Il tormento del cellulare: un viaggio nel mondo digitale
Per qualcuno come me, che considerava “pin” come il diminutivo di Giuseppe, con cui il commediografo Giacosa era chiamato in famiglia, e “pos” richiamava il pane raffermo dei ricordi di infanzia, entrare nel mondo oscuro di internet, computer e telefoni cellulari è stato uno shock paragonabile a quello di una persona che sente per la prima volta la propria voce riprodotta su un cilindro di cera.
Oggi, l’incubo del touch screen del cellulare mi segue come l’ombra di Banquo. Basta sfiorare lo schermo e compaiono siti neozelandesi o le temperature attuali in Myanmar, l’invito a pagare la bolletta del gas o l’offerta imperdibile del Whiskas per la mia gatta Nerina. A volte lo smartphone inizia a suonare vecchie canzoni degli anni ’50, senza che io abbia scelto Spotify o qualcosa del genere.
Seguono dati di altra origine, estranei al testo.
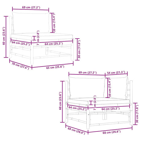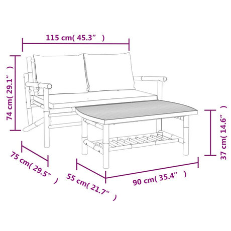 2 Piece Garden Lounge Set with Cream White Cushions Bamboo

Mi dice che Facebook al momento non può essere impostato in italiano o apre improvvisamente Instagram alla pagina della libraia Pincapalla che sta vendendo l’opera omnia di Ken Follett.
E quel dannato impazza con super promozioni dell’operatore telefonico, della luce, del gas, dell’olio siciliano e del vino calabrese. Gli sms intasano la memoria del telefono e distruggono definitivamente i miei cabasisi, già in riparazione per le migliaia di email fasulle che ogni minuto fanno suonare la campanella di avviso del mio Mac, mandandomi in manicomio.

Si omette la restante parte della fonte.